══ DATA

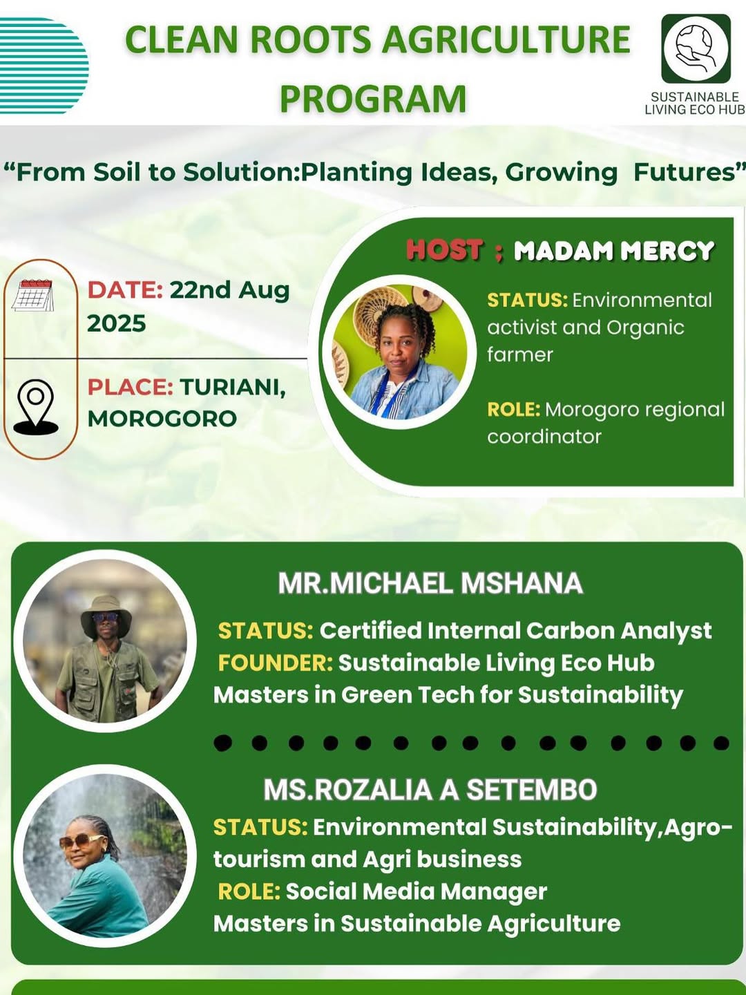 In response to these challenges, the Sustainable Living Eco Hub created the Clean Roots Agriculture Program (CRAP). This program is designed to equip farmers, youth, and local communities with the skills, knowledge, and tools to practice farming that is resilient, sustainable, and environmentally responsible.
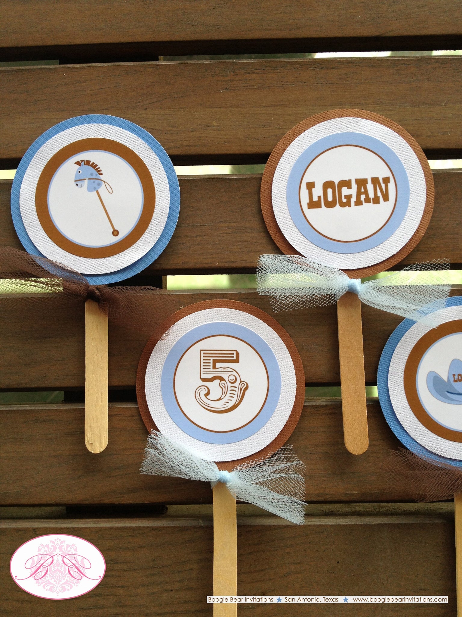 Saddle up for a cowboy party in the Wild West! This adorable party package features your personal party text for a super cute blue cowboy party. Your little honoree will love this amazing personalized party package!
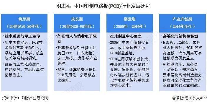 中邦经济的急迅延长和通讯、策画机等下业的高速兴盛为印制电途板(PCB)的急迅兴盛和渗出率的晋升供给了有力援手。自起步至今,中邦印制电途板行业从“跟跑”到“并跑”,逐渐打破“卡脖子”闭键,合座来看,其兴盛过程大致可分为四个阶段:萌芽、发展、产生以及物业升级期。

════

EXERCISE DETAILS: Apart from the pictures, every line above must be printed exactly.

EXPECTED ANSWER:
 In response to these challenges, the Sustainable Living Eco Hub created the Clean Roots Agriculture Program (CRAP). This program is designed to equip farmers, youth, and local communities with the skills, knowledge, and tools to practice farming that is resilient, sustainable, and environmentally responsible.
 Saddle up for a cowboy party in the Wild West! This adorable party package features your personal party text for a super cute blue cowboy party. Your little honoree will love this amazing personalized party package!
 中邦经济的急迅延长和通讯、策画机等下业的高速兴盛为印制电途板(PCB)的急迅兴盛和渗出率的晋升供给了有力援手。自起步至今,中邦印制电途板行业从“跟跑”到“并跑”,逐渐打破“卡脖子”闭键,合座来看,其兴盛过程大致可分为四个阶段:萌芽、发展、产生以及物业升级期。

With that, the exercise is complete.